CSI: Motion Experiment, Episode 1: The Detector Is Blind.

A reader is having an issue with motion detectors and semi-quantitative experimental results:

Hello there! I hope your year has started off well. Mine has. I am very happy with my results from last year, implementing your teaching/activity techniques with the students. Thank you very much for all of your guidance.

I am noticing that during the in class lab exercises kinematics - those are the ones where we have a track, cart, and motion detector, and double the time, then double the acceleration, then double the initial velocity - that the double time experiment yields very high percent errors for most students. I thought it might be a sensor issue, but I zeroed the sensors and did the experiment myself on the setups giving trouble, and I am getting the same thing the kids are. It's supposed to be a multiplier of 4 for the distance, but I am getting 2.6, 2.9, 3.3...very low to what it should be. I'm now thinking it may be an issue with friction, because usually the lower the incline the worse the result, but too high and we don't have enough space to get a good time interval (I only have 1 meter long tracks). I am using the metal pasco tracks with the plastic pasco carts. The carts are on the older side, so I'm thinking that friction with the wheels might be throwing off results. 

Do you have any input on this? Do you experience the same thing? 

Hey!  I've got some thoughts.  I don't think it's a friction problem - the friction is there even for the smaller time, and in any case is not going to cause that much of a difference between what's predicted and what's measured.

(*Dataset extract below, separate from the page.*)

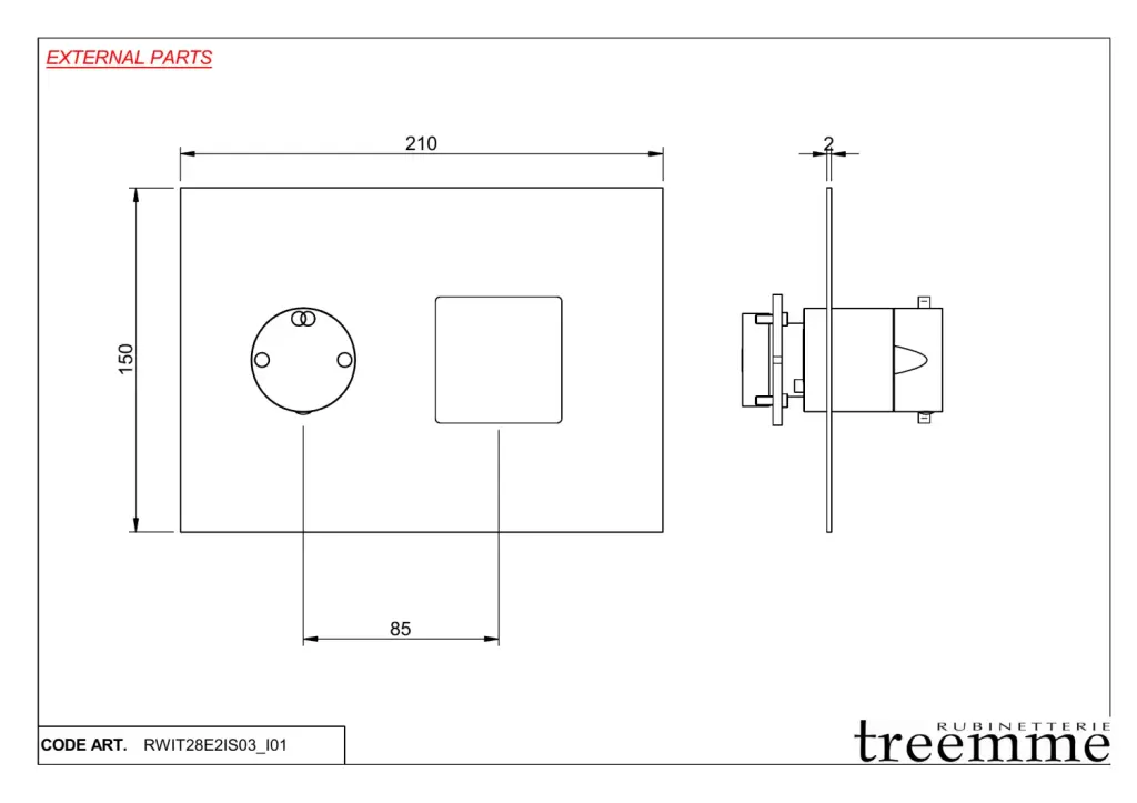 Treemme 5mm Смеситель для душа термостат. встр., 2 потребителя, внеш. часть, цвет: нержавеющая сталь RWIT28E2IS03

One issue might be the 15 cm blind spot* for the sonic detector.  Depending on whether you're moving toward or away from the detector, you may well be missing a significant fraction of the distance the cart traveled.  After all, the blind spot is 15% of the entire track length!    Another less likely issue is that I've had students measure (and thus double) the time from when the detector was started, not the time that the cart was moving.  

*The green Vernier detectors that I use have a 15 cm blind spot.  The decade-old blue Vernier detectors have a 40 cm blind spot.  I don't know what the PASCO detector blind spot length is, but it exists.

The way I'd suggest doing this particular problem is in one trial.  Set the detector at the high end of the track.  Place the cart's back end 15 cm from the detector.  Press play, WAIT FOR THE CLICKS, and let the cart go once the detector has started running.  Use the position time graph made by the detector.  Check the distance traveled after the cart has moved, say, for 0.30 s.  (Not when the labquest says t = 0.30 s, 0.30 s after the cart begins to move.  You can check the velocity-time graph to see when the vertical axis value first moves away from zero.)  Then check the distance traveled after the cart has moved for 0.60 s.  I'll bet you come closer to a factor of four increase.

Do you have a PASCO smartcart?  Those will get much better data; and, you can use them on a long plank of wood instead of on the track - if the cart moves slightly off a straight line, the motion encoder in the smartcart's wheels will still work.

Hope this helps!

Epilogue:  Turns out the reader didn't know about the motion detector's blind spot, and so was especially confused that the cart moving toward the detector gave a consistently different result than a cart moving away from the detector.  She solved the problem using the experimental suggestion above.  Awesome.